Meta Platforms Inc., the owner of Facebook, Instagram, and WhatsApp, has signed a long-term power purchase agreement (PPA) with renewable energy developer MN8 Energy LLC. Under the deal, the tech giant will buy 100% of the electricity generated by MN8’s 80 megawatt (MW) Walker Solar Project in Juniata County, Pennsylvania. The agreement marks the first direct clean-energy contract between the two companies.

Meta will use solar power to help supply electricity to its data centers in the United States. The project is scheduled to begin operations by the end of 2026.

The Walker Solar project will supply power to the PJM Interconnection grid. This grid is the biggest wholesale electricity market in the U.S. It serves over 65 million people in 13 states and Washington, D.C.

Urvi Parekh, Director of Global Energy at Meta, said:

“We are thrilled to partner with MN8 ​Energy​ to bring new renewable energy to Pennsylvania and help support our operations with 100% clean energy.”

Inside the 80 MW Walker Solar Deal

The solar facility will generate about 80 MW of clean electricity when complete. Under the PPA, Meta will acquire all of the project’s output.

The agreement is a long-term contract. Meta will buy renewable power from MN8 Energy for years. This will help meet part of its data center electricity demand with clean energy.

MN8 Energy, a New York-based renewable energy and battery storage company, will develop and build the solar plant. It has about 4 GW of operational and under-construction solar projects nationwide. The company also operates 1.1 gigawatt-hours (GWh) of battery capacity and over 40 high-power EV charging stations in the U.S.

The Walker Solar project will supply energy to the regional grid and create local jobs during construction. It will also generate tax revenue for Juniata County and strengthen local energy infrastructure.

Powering AI Growth With Long-Term Solar

Meta has set a clear long-term climate goal. The company aims to reach net-zero emissions across its full value chain by 2030. This includes direct operations and supply chain emissions.
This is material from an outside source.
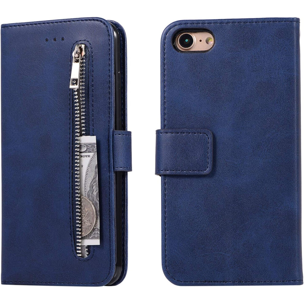 Wallet Case for iPhone SE(5G) 2022 iPhone7 iPhone8 iPhone SE 2020, 5 Card Slots Handbag Leather Flip Case with Wrist Strap TPU Kickstand Cover-blue

The tech giant has matched 100% of its global electricity use with clean and renewable energy since 2020. This covers its offices and data centers. To support this goal, Meta has helped add nearly 29 gigawatts (GW) of new clean energy capacity to power grids worldwide.

Meta renewable energy projects map
Source: Meta

Since 2021, Meta reports that its renewable energy procurement has helped reduce emissions by 23.8 million metric tons of CO₂ equivalent (CO₂e). These reductions come from large-scale wind and solar projects tied to long-term power purchase agreements.

However, electricity demand continues to grow. Meta’s data centers are expanding to support artificial intelligence and digital services. The company notes that rising data center demand makes decarbonization more complex, even as renewable energy use increases.

Meta aims to go further. It wants to reach net zero across its full value chain by 2030. This means not only its own operations (Scope 1 and Scope 2 emissions) but also the emissions tied to its suppliers, hardware, and products (Scope 3). Scope 3 emissions, which are about 8.15 million metric tons of CO2e, account for 99% of its total carbon footprint.

Meta 2024 carbon footprint
Source: Meta

As of its latest report, 48% of its suppliers — based on emissions contribution — have set science-aligned emissions reduction targets. These supplier commitments are critical because Scope 3 emissions make up a large share of Meta’s total carbon footprint.

  • The company has also set a goal to reduce Scope 1 and Scope 2 emissions by 42% by 2031, using 2021 as a baseline year.

Meta’s sustainability reports also show that electricity use remains central to its climate strategy. Since using 100% renewable energy in operations, Meta has helped avoid millions of tons of CO₂ emissions.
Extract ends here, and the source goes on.